The morning was spent discussing the problem of the savages, and victory was very sweet. Rommar was unalterably opposed to a united effort against them and spoke convincingly for his position, but Tammad’s arguments were even more convincing. The dendayy supported Tammad, and I was glad I hadn’t scratched the itch to project a bit of general agreement and belief. Tammad’s victory was completely his own, and Rommar soured further with defeat.
The dendayy took the midday meal together, so I took the opportunity to go for a bath. Tammad gave reluctant permission for me to visit the stream on the far side of the camp, and his l’lendaa were just as jumpy as he was. They didn’t know who had attacked me the night before, but they hadn’t needed Tammad’s orders to keep a close eye on me. Every time they looked my way, their lips tightened and their minds seethed.

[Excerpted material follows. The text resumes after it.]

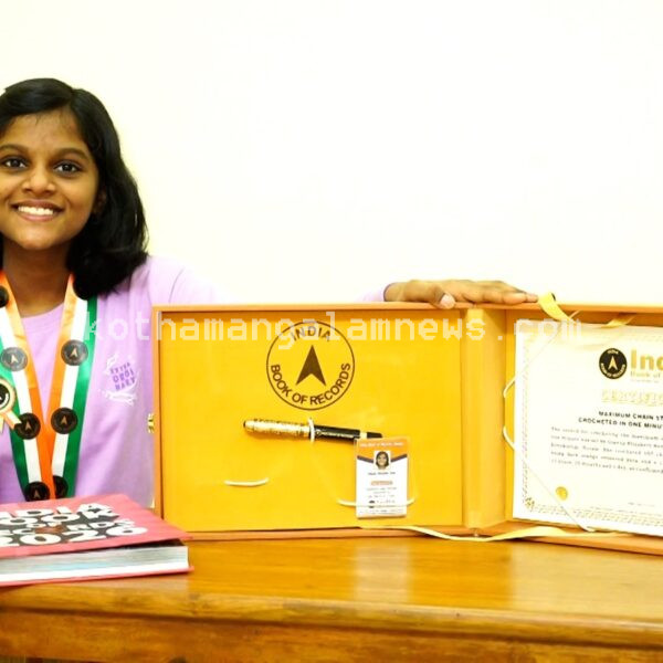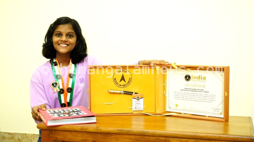 കോതമംഗലം: വിരല്‍തുമ്പുകളില്‍ നൂലിഴകള്‍ കൊണ്ട് വിസ്മയം തീര്‍ക്കുന്ന പിന്നല്‍ കലയില്‍ പുതിയൊരു ചരിത്രമെഴുതി വാരപ്പെട്ടിയിലെ കൊച്ചു മിടുക്കി. ഒരു മിനിറ്റിനുള്ളില്‍ 105 ക്രോച്ചേ സ്റ്റിച്ചുകള്‍ പൂര്‍ത്തിയാക്കി ഇന്ത്യന്‍ ബുക്ക് ഓഫ് റെക്കോര്‍ഡ്‌സില്‍ ഇടം...

The stream was a very welcome sight, and I stripped quickly and stepped into the water. It was cool and refreshing, doing a lot to ease my tiredness. I washed quickly, then stood up to my shoulders soaking, a small smile of memory on my lips due to the night before.
I was brought back to reality by a brief cramp, then was shocked to see dark red swirling in the clear water below me. It was obvious that I was bleeding, and my first thought was that I’d been injured by Rommar’s attack on my stomach. I fretted over the idea for a minute or two, and then another possibility presented itself. It was nonsensical and impossible, but my body might have been telling me that I was pregnant!
Shakily, I told myself that that was ridiculous. I’d had my six month anti-pregnancy treatment, and it had never been known to fail. I had lots of time until the next treatment was due, as the last treatment had been taken care of just before I’d left for Dremmler’s sector. I cast my mind back, trying to pinpoint the exact date of treatment, then closed my eyes. I’d been treated almost two months before I’d left on my last assignment.
But it still couldn’t be! I was supposed to have warning when my protection wore off. Strong cramps that couldn’t be missed were the warning, and I hadn’t had those. I hadn’t felt anything like—my argument stopped and another part of me laughed at my blindness. I’d had the cramps, all right, but I’d thought it was Rommar’s doing. My body had warned me, but I’d missed the warning. Now it was taking great pleasure in telling me that it was pregnant, that it had finally gotten around the restrictions I’d imposed on it. Abrupt lack of protection like that made a woman immediately vulnerable, and the bleeding was a confirmation of impregnation that also couldn’t be missed.
I stayed where I was for the ten or fifteen minutes it took for the bleeding to stop, and happily the l’lendaa saw nothing of it. I was numb for a while, but then I examined my emotions and found only part of the shock I’d expected. I didn’t want to be pregnant, but it wasn’t the terrible thing I’d pictured, and I felt no different. Then I asked myself honestly if I could have gone home even if I hadn’t been pregnant, and I honestly had to answer no. Tammad was the man I wanted, but he was an earthbound deep-spacer on Central. He belonged with his own people, and I would have to stay wherever he was.